Once you’ve finished writing, proofreading, editing, and formatting your book, the next step toward getting it published is to try to get a literary agent for representation. While each literary agent’s submission guidelines are different, the submission strategists at Writer’s Relief know you’ll need to prepare a query letter, synopsis, and the first fifteen pages of your novel—and only the first fifteen pages—to effectively query agents. So it’s vital that your first pages make a great first impression, hook your readers, and leave them wanting more! Here’s how to get a literary agent with the first fifteen pages of your novel.

How The First 15 Pages Of Your Novel Will Help You Get A Literary Agent

Some writers might feel the first fifteen pages aren’t their strongest and would rather submit the entire manuscript. But literary agents know these are the pages book buyers will read first, and it’s important they are drawn into the story and want to keep reading.
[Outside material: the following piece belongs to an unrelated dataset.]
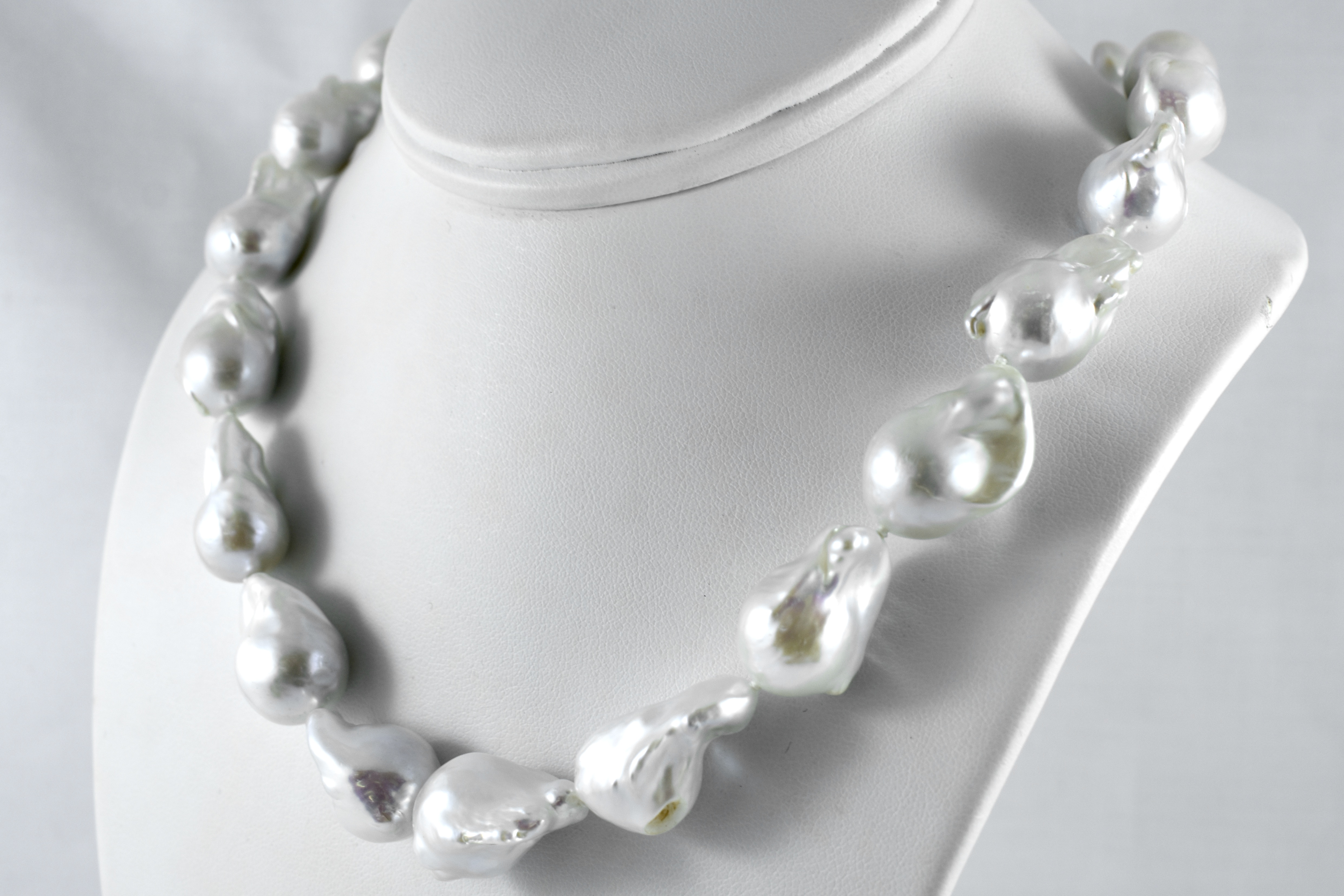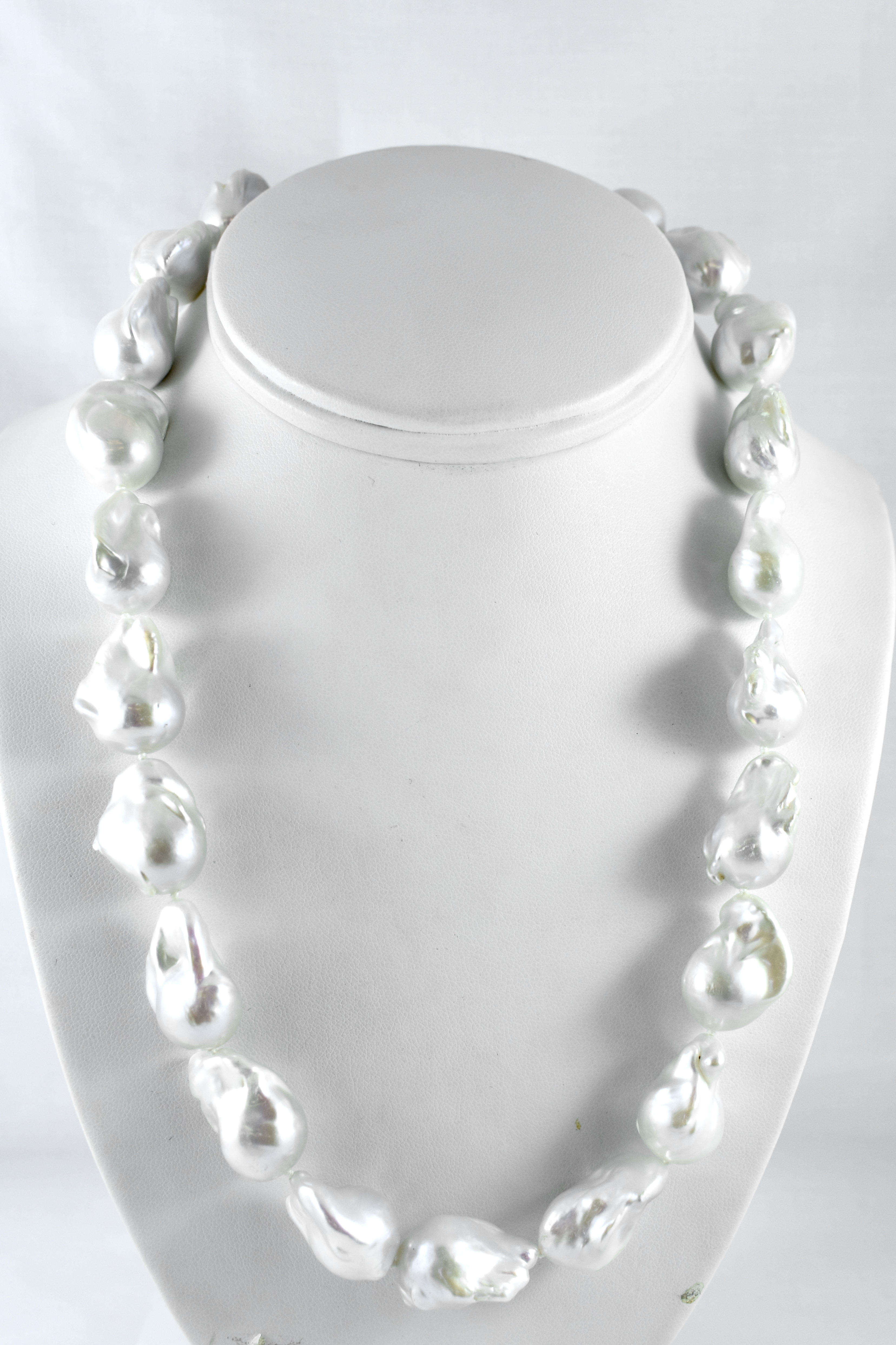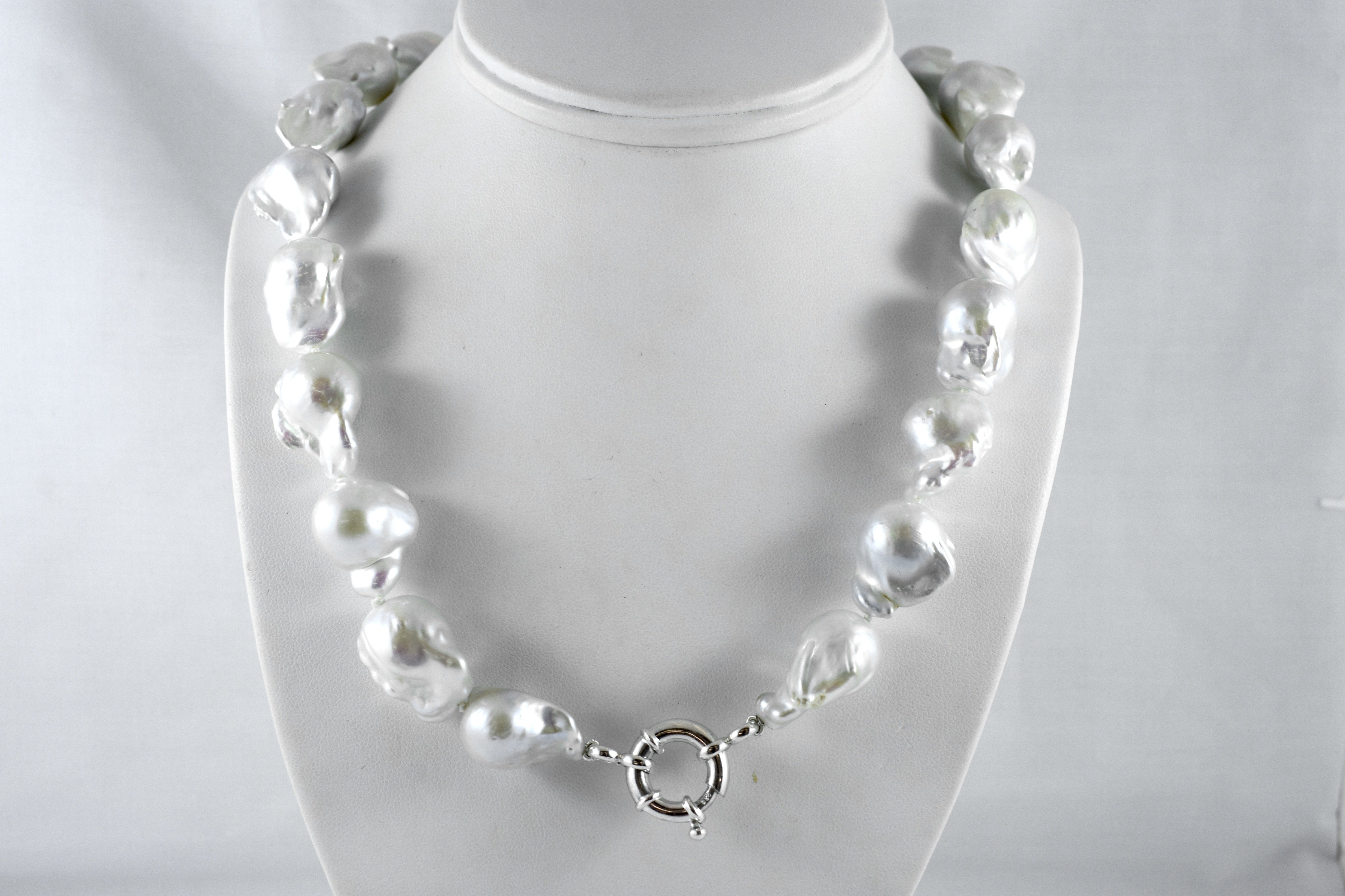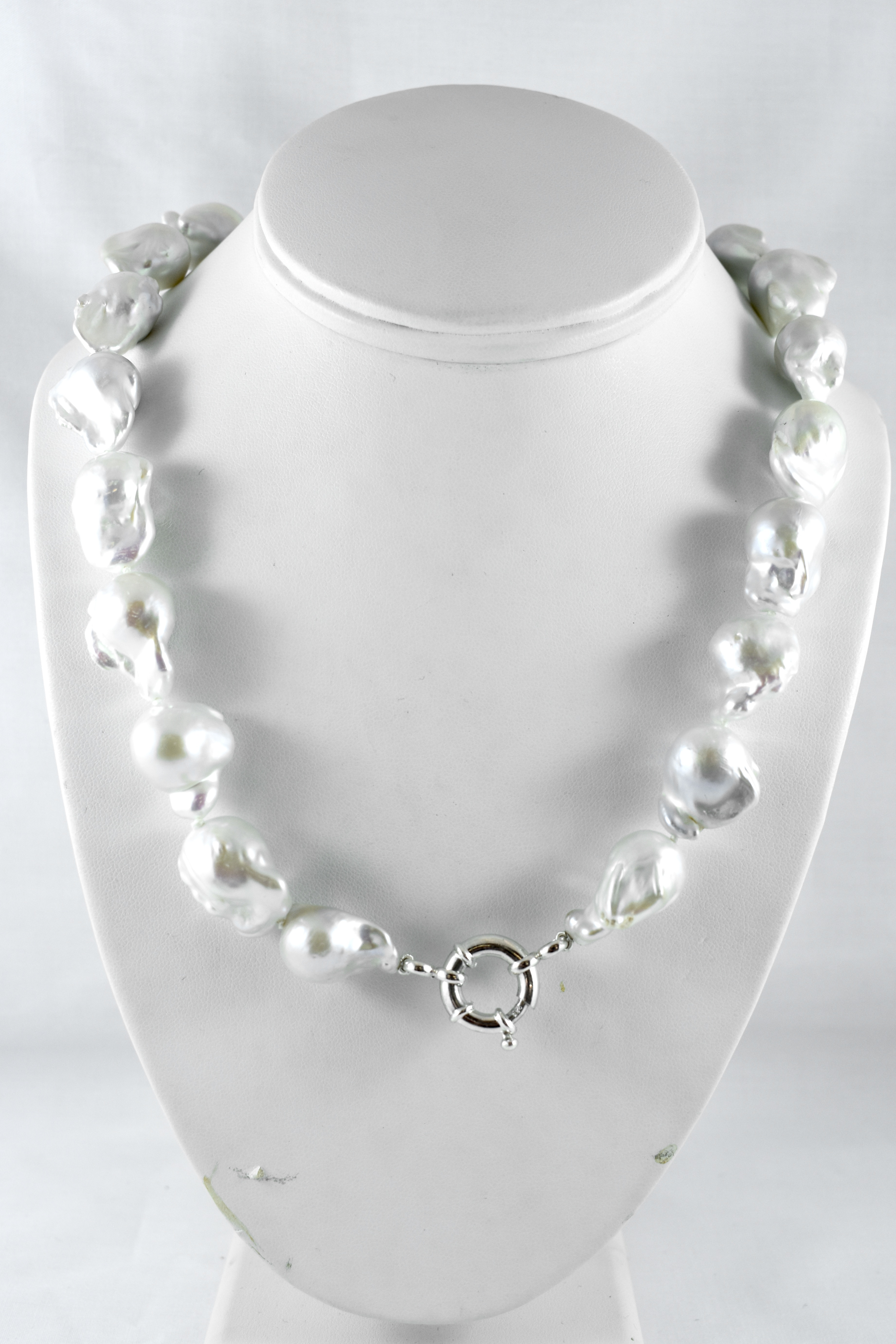 Gorgeous freshwater baroque white pearl strand, measuring 50cm long. Consisting of beautiful 13-15mm pearls with good lustre and completed with a sterling silver bolt ring clasp.

It doesn’t matter how great the middle of your story is or how clever the plot twist and ending are—if your first fifteen pages don’t intrigue the agent or your readers, no one’s going to keep reading.

Writing Tips For Boosting The Impact Of The First 15 Pages Of Your Novel

Begin with an opening sentence that packs a punch. What do you want your very first statement to communicate? Don’t just set the scene. You can create mystery, incite conflict, or start drama all with your first sentence. Not only will it keep the agent reading, but it will set the tone for the rest of your work.

Introduce your hookThe hook tells us who your protagonist is, what their life is like, and how they deal with the conflicts that arise. Set the plot in motion and give the reader someone to root for and a reason to cheer on this character! Use these first fifteen pages to set the tone for the rest of the story.

Add emotion. Your novel can be cleanly written and grammatically correct, but without emotion, the story will be flat and boring. Readers will want to know how your main character feels about what is happening. The emotional response from your protagonist raises the stakes for your plot, and inviting an emotional response will have an agent invested in your novel.

Establish plot, character, and setting. You want to introduce these elements in a way that will intrigue readers so they’ll commit to reading more. Once you’ve completed your novel, go back and reread your first fifteen pages to see if you need to cut anything out or add in certain details. You may even find yourself completely rewriting the opening pages in order to best bring in your plot, characters, and setting.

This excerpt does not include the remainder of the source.